Todos os réus, com uma ou outra exceção, já confessaram em juízo terem recebido dinheiro através de Marcos Valério, por recomendação de Delúbio Soares, o que, para o entendimento majoritário do Supremo, caracteriza a corrupção passiva, não importando se de fato cumpriram o que prometeram ao venderem seu apoio político.
Como também não importa se gastaram o dinheiro em farras ou em pagamentos de gastos de campanha, e até mesmo se doaram para obras de caridade. A corrupção passiva não se apaga com o destino dado ao dinheiro.
Soou estranho, portanto, o revisor Lewandowski dizer que não havia provas de que os políticos recebedores de dinheiro sabiam da sua origem criminosa.
Ora, se pegavam dinheiro na boca do caixa sem os documentos bancários oficiais, e alguns recebiam até mesmo pelo sistema de delivery, em malas ou pacotes em casa e em hotéis, como não saber que o dinheiro tinha origem duvidosa?
Outra discussão que deve tomar conta do plenário quando chegar a hora de os ministros votarem, e que já foi antecipada ontem pelo ministro Marco Aurélio Mello, é a lavagem de dinheiro.
O ministro Joaquim Barbosa condenou todos os políticos até agora por corrupção passiva e lavagem de dinheiro, mas Lewandowski e Marco Aurélio discordaram, alegando que uma mesma pessoa não pode ser acusada por dois crimes pelo mesmo ato, que seria a corrupção passiva.
Até o momento não há novidade na disputa, pois, quando do julgamento do deputado João Paulo Cunha, a maioria do plenário já havia se posicionado a favor da tese de Barbosa.

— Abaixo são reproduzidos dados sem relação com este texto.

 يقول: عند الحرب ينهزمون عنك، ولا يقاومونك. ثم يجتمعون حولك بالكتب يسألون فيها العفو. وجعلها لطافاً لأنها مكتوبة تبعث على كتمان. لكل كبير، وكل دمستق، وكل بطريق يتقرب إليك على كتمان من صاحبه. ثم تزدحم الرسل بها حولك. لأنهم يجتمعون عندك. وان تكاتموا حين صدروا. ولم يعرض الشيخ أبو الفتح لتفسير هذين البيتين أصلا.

Ontem mesmo, o ministro Ayres Britto fez uma intervenção no sentido de apoiar o relator. Com o revisor, ficaram anteriormente os ministros Dias Toffoli, Rosa Weber, Cezar Peluso e Marco Aurélio Mello.

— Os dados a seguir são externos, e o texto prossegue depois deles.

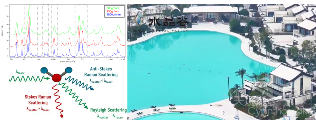 拉曼效应是指水分子中的散射,当水较浅时,大部分光线都可以透射,所以水看起来是透明的;当水的深度增加时,波长较长的红光、橙光和黄光会最先被水吸收,由于绿光在水中的散射能力较强且不易被吸收,因此使得湖水看起来是绿色的。再深广的海水,是波长较短的蓝、紫色泽散射出来,形成了大海的蔚蓝。
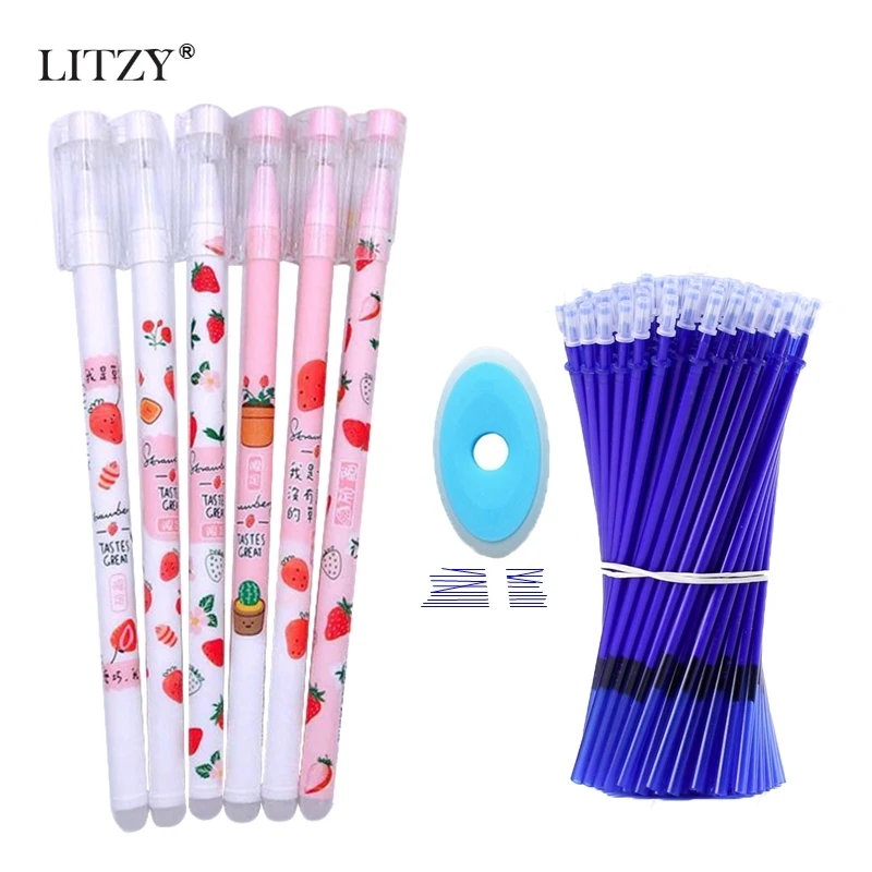 27 Шт. Клубника Стираемая Гелевая Ручка Пополнения Набор Синие Чернила 0.5 мм Моющиеся Ручка Стираемые Ручки для Школьного Офиса Написание Канцтовары
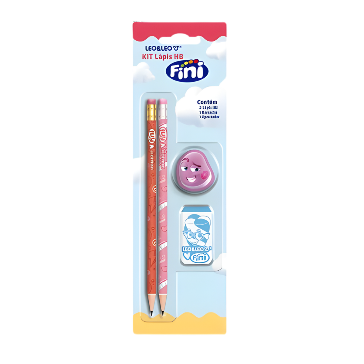Tenha um estudos mais divertidos! com o Kit Lápis Preto+Borrcha+Apontador Fini LeoLeo, com estampas icônicas da marca fini, que traz um jeito divertido e diferente na sua rotina escolar!
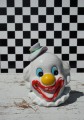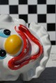 Wesoły klaun, skarbonka ceramiczna.Dość osobliwa ;-). Otwór zaklejony filcem.
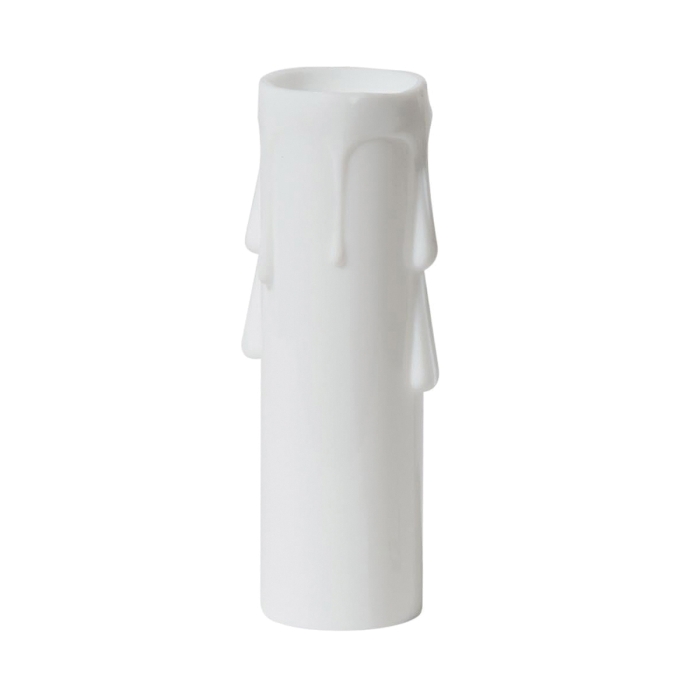 White colored plastic candelabra sized candle covers with drip details. Measures 13/16 inch inside diameter.
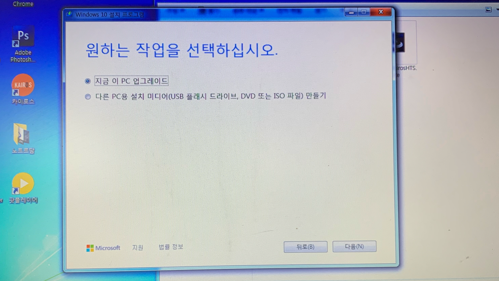 이번에는 USB 플래시 드라이브, ISO 파일을 이용한 USB 만들기 말고, "지금 이 PC 업그레이드"로 진행해 봅니다.

Com a saída de Peluso, o plenário está com o placar de 6 a 4 a favor da tese do relator, a não ser que algum ministro mude de posição durante o julgamento.
Esse será um tema que, ao que tudo indica, poderá gerar embargos infringentes mais adiante, na tentativa das defesas de mudar o entendimento do STF, aproveitando-se inclusive da nova formação, pois também o ministro Ayres Britto será substituído em novembro, fazendo com que o placar fique em 5 a 4.
Os dois novos ministros podem teoricamente reverter a situação dos réus condenados por corrupção passiva e lavagem de dinheiro, retirando da pena final de três a dez anos de cadeia.